Exercise prompt:
Exactly the lines from the one holding "In stell blue" through the last line of the listing below must appear in the answer, and no pictures.

Given data below:

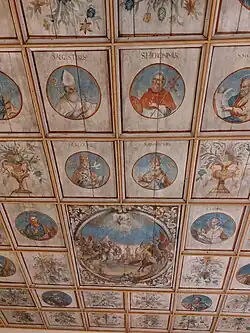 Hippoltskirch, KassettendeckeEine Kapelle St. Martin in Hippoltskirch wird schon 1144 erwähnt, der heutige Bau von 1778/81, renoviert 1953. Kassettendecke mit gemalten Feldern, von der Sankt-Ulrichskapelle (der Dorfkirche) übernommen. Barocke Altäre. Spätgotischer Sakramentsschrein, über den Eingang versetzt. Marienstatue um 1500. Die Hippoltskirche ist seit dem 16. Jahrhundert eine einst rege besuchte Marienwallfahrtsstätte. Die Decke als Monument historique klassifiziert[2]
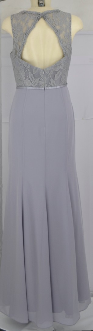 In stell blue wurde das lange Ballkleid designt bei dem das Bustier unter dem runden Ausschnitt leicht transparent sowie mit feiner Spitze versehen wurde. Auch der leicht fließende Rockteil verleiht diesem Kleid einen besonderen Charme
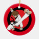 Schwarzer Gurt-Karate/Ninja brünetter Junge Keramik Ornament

End of Given data.

Expected answer:
 In stell blue wurde das lange Ballkleid designt bei dem das Bustier unter dem runden Ausschnitt leicht transparent sowie mit feiner Spitze versehen wurde. Auch der leicht fließende Rockteil verleiht diesem Kleid einen besonderen Charme
 Schwarzer Gurt-Karate/Ninja brünetter Junge Keramik Ornament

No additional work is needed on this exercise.